*** Recorded information Section Begins ***
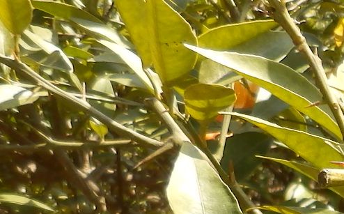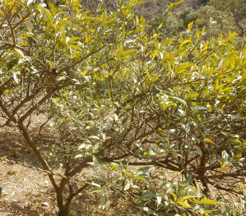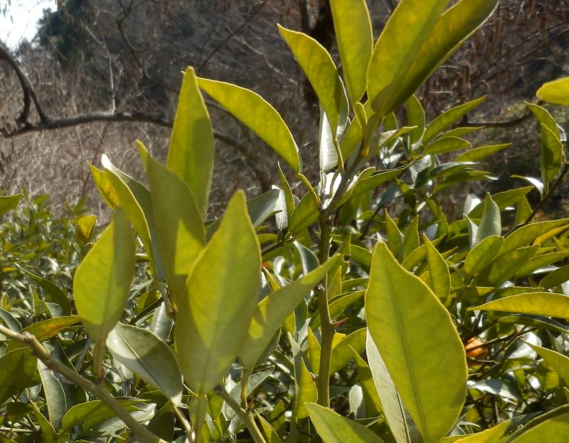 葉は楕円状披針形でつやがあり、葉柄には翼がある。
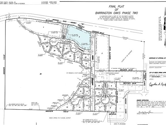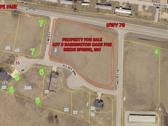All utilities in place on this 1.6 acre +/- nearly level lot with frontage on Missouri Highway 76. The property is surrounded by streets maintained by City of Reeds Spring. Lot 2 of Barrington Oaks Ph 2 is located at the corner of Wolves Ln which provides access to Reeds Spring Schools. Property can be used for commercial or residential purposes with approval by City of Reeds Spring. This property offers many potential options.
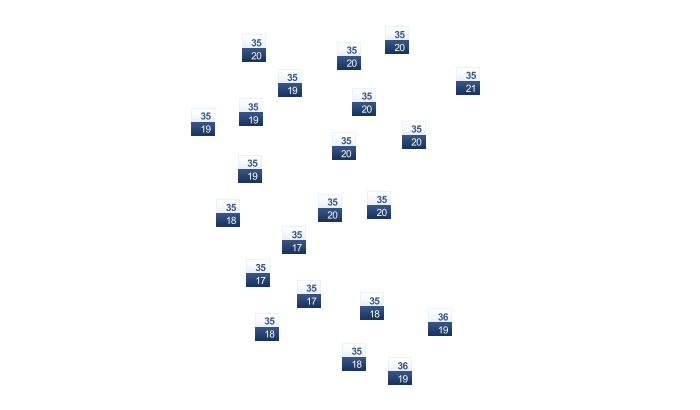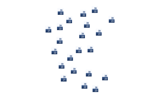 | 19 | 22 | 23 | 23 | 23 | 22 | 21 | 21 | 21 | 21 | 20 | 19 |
*** Recorded information Section Ends ***
What the exercise asks: Skip the pictures, then return the rest of the data exactly.

The answer:
 葉は楕円状披針形でつやがあり、葉柄には翼がある。
All utilities in place on this 1.6 acre +/- nearly level lot with frontage on Missouri Highway 76. The property is surrounded by streets maintained by City of Reeds Spring. Lot 2 of Barrington Oaks Ph 2 is located at the corner of Wolves Ln which provides access to Reeds Spring Schools. Property can be used for commercial or residential purposes with approval by City of Reeds Spring. This property offers many potential options.
 | 19 | 22 | 23 | 23 | 23 | 22 | 21 | 21 | 21 | 21 | 20 | 19 |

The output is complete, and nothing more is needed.